AuthorMurphy, Troy A.
PositionSpecial Issue: Argumentation and the U.S. Senate

As Congress opened its 104th session in early January, 1995, both the House of Representatives and the Senate were under Republican party control for the first time in over 40 years. Marked by media fanfare usually reserved for presidential inaugurations, those first few days of the legislative session focused the nation's attention primarily on the House of Representatives, the new Speaker of the House Newt Gingrich, and the implementation of the Republican campaign manifesto known as the Contract with America. As a symbolic indication of the new Republican workmanlike spirit, Gingrich delivered on a campaign promise and presided over the longest first day in the history of American Government.

On the other side of the Capitol building, however, the revolutionary spirit was much more tempered. For most of the first two days, the meticulous U.S. Senate debated an amendment by Senator Tom Harkin of Iowa that would have greatly reduced the power of the much embattled procedural rule known as the Senate filibuster. With the glow of the national media on Gingrich and the House, the upper chamber's laggard deliberations went largely unnoticed.

The contrast between the two bodies was similarly evident throughout the celebrated first 100 days of the 104th Congress as the House of Representatives quickly, if not hastily, passed nine of the ten Contract with America items only to see those same measures pile up on the other side of the building, backlogged in the Senate docket. In both historical design and contemporary practice, there is no monolithic Congress; the House of Representatives and the Senate are two very different institutions.

The Senate's unique position within the bicameral legislature is typified most clearly by Senate rule XXII, the so-called filibuster rule, which allows for free and unlimited debate in the Senate. The filibuster has a long and storied history; from the events leading to U.S. entry into World War I to Frank Capra and Jimmy Stewart's dramatic romanticization of the filibuster in Mr. Smith Goes to Washington to the contentious civil rights debates of the 1960's, the American public has witnessed the practice of filibustering in the Senate with both scorn and adoration.

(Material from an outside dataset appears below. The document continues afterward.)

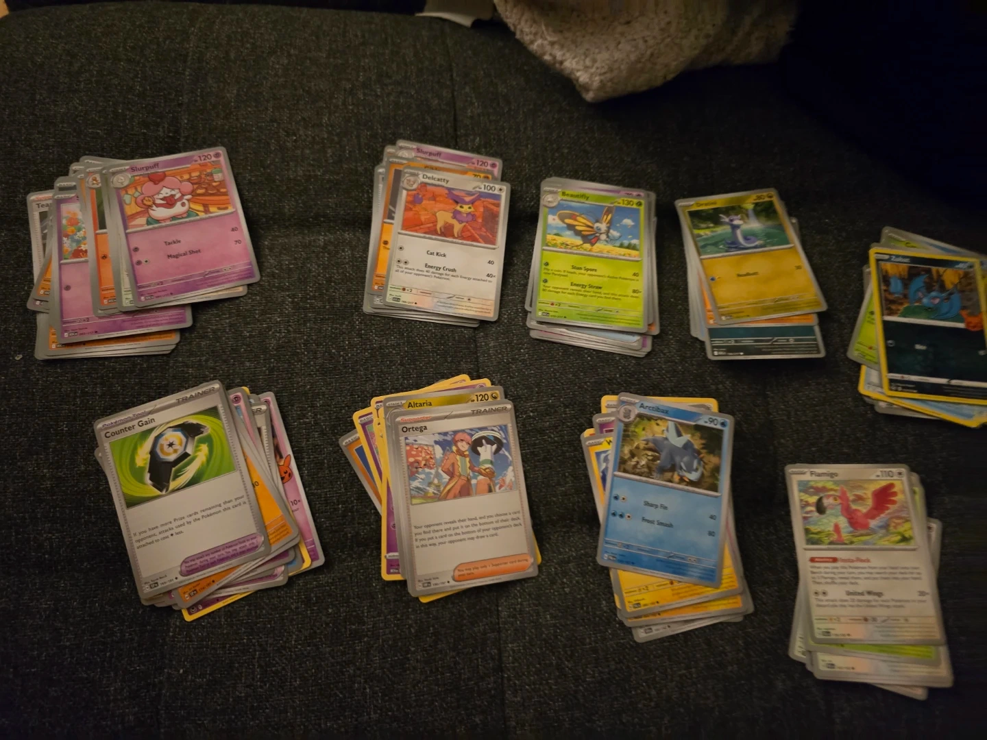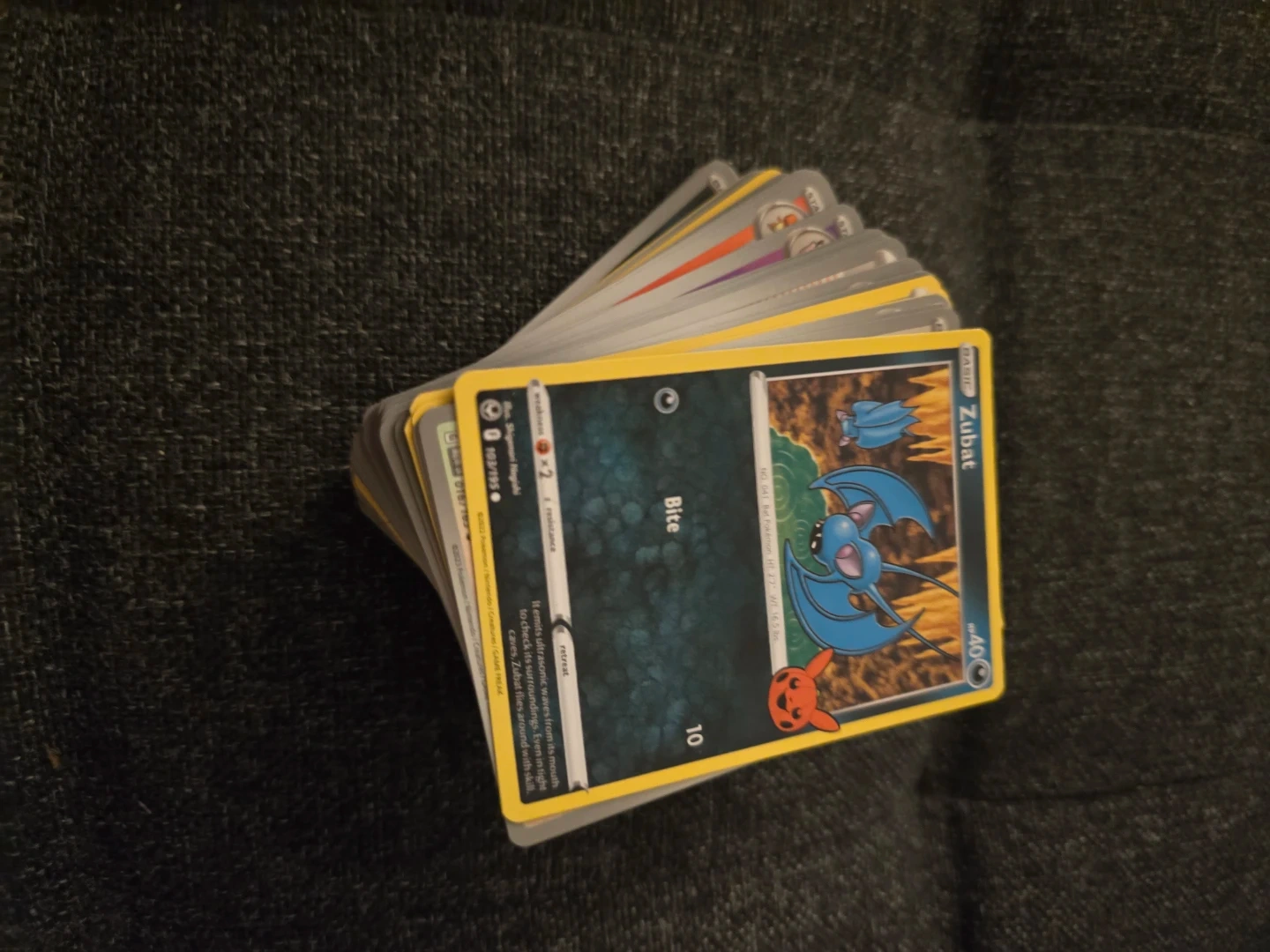 Collection of Pokemon Trading Card Game cards. Various Pokemon are depicted on the cards.

This essay attempts to examine the history of the filibuster with a particular eye toward the ways in which the discourse surrounding the attempts to eliminate the filibuster exemplify certain fundamental contradictions in American political mythology. The debates make it apparent that popular democracy and the American form of republican government are often as contradictory as they are collaborative. More succinctly, yet likely more blasphemous to American sentiment, the relationship between Democracy and The Constitution of the United States is tenuous at best. The debate over the filibuster provides an especially lucid contemporary example of how these conflicting mythologies, which have been part of American politics since one could properly claim an American politics, are reconciled over time and within very different rhetorical contexts.

Because the debate over the filibuster closely resembles the original debate over the Senate's role in American government and because the intent of the Founding Fathers is appropriated by both sides of the contemporary debate, it is necessary to examine briefly the history of the United States Senate. Turning back to the Constitutional Convention of 1789 allows us to understand better the genealogy of American political mythology and the constitution of the two competing, if not contradictory, conceptions of American government that are at the heart of filibuster debates. After examining the relevance of Senate history to the current debates, I turn to the discourse in the debates over the filibuster to determine how what I call the political mythologies of Democracy and The Constitution, which are most often in a state of dormant contestation, come to the fore.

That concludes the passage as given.